Fig. 3. — Lentivirus-mediated reexpression of TM in TM^−/− cells inhibits TNF-α-induced adhesion of HL-60 cells and HMBG1-induced platelet string formation on TM^−/− cells. (A) Cell surface levels of ICAM-1 and (B) E-selectin in WT, TM^−/−, and TM^match cells, treated with TNF-α (1 ng/mL) for 4 h, were measured by flow cytometry. TM^−/− cells were used as untreated controls. (C) Fold change in the adhesion of HL-60 cells on WT, TM^−/−, and TM^match cells, stimulated with TNF-α (1 ng/mL) for 4 h under flow conditions per field of the view (firmly adherent cells were quantified). (D) WT, TM^−/−, and TM^match cells were incubated with HMGB1 (20 nM) for 18 h and then 5-chloromethylfluorescein diacetate–labeled platelets were perfused in a flow chamber. Representative images showing platelet string formation captured on WT, TM^−/−, and TM^match cells. (Scale bar, 25μm.) (E) Quantitation was measured by counting the average number and length of strings per field in different groups. The average number of platelet strings per field was determined as ≥3 platelets aligned in the direction of the flow. Data are mean ± SEM (n = 3). One-way ANOVA: *P < 0.05.

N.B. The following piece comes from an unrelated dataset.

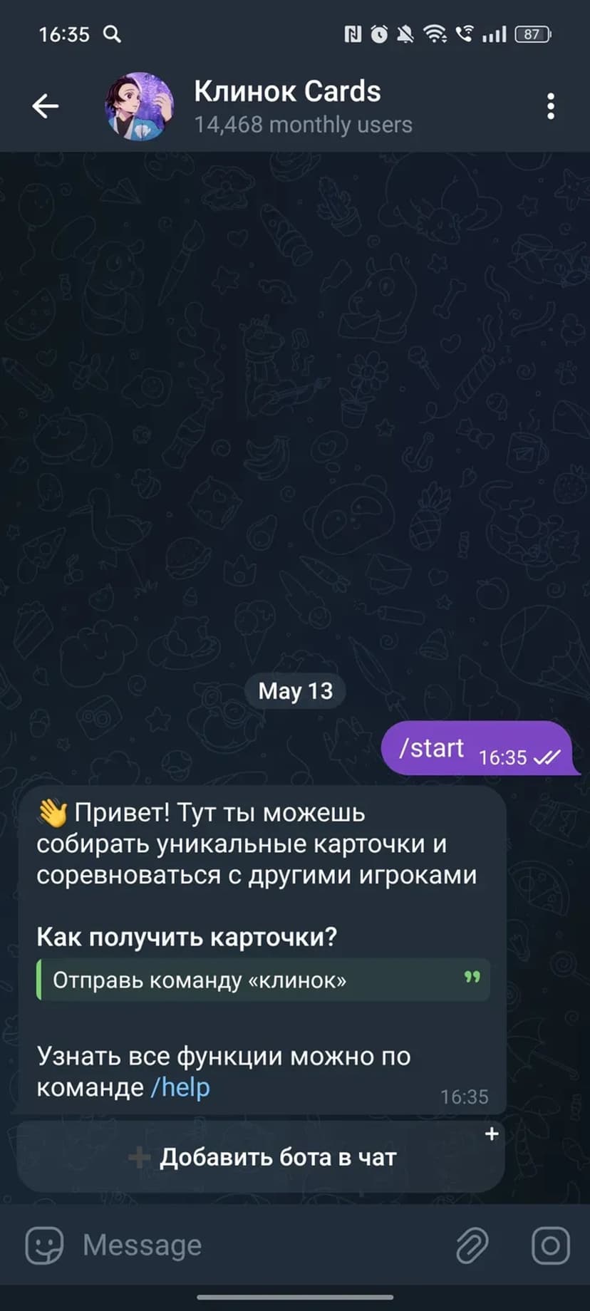 Клинок Cards — коллекционная карточная PvP-игра, реализованная через Telegram-бот. Игроки собирают уникальные карты, прокачивают персонажей, сражаются с другими участниками, выполняют ежедневные задания и участвуют в регулярных ивентах.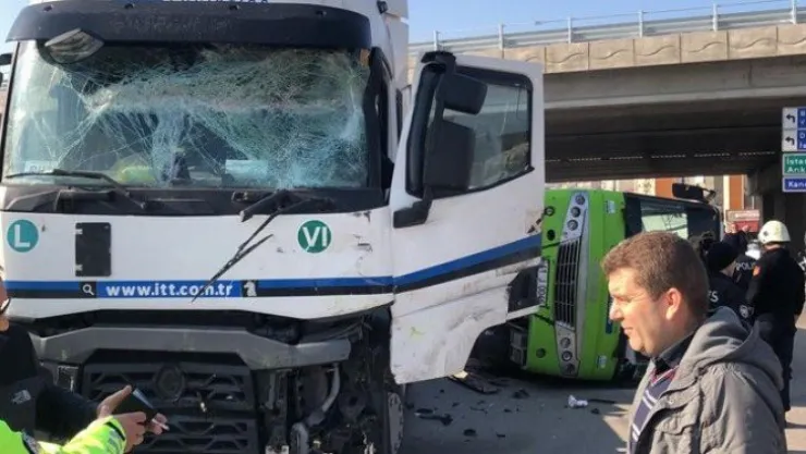 Kocaeli'de kavşakta tankerle çarpışan halk otobüsünün devrilmesi sonucunda meydana gelen kazada 25 kişi yaralandı. İtfaiye ekipleri tarafından otobüsten çıkartılan yaralılar çevredeki hastanelere kaldırıldı.

Increased VWF Expression and Release Are Responsible for Platelet String Formation in TM^−/− Cells.

Platelet string formation occurs on endothelial cells only upon release of high-molecular-weight VWF molecules (17, 18). Increased platelet–endothelial interactions prompted us to determine whether TM^−/− cells constitutively secrete or synthesize VWF that resulted in increased platelet string formation. Hence, supernatants from both WT and TM^−/− cells were collected and analyzed for VWF secretion by enzyme-linked immunosorbent assay (ELISA). Surprisingly, there was a dramatic increase in the basal level of VWF release from TM^−/− cells compared to WT cells (Fig. 4A). Increased VWF release was also detected in supernatants of the heterozygous TM^+/− cells, the extent of which was almost half of that observed with the homozygous TM^−/− cell (Fig. 4A). Analysis of VWF particles in wild-type and TM^−/− cells by confocal imaging revealed an increased stochastic expression of VWF in TM^−/− cells (SI Appendix, Fig. S4B). Furthermore, analysis of a single cell at a higher magnification and a subsequent three-dimensional surface plot of VWF particles in the cell cytoplasm indicated a uniform distribution and thickness for VWF particles in wild-type cells but an increase in both the number and size of the VWF particles in TM^−/− cells (Fig. 4B). Results of Western blotting and real-time RT-PCR indicated that TM deficiency increases both protein (Fig. 4 C and D) and messenger ribonucleic acid (mRNA) transcript levels of VWF (Fig. 4E).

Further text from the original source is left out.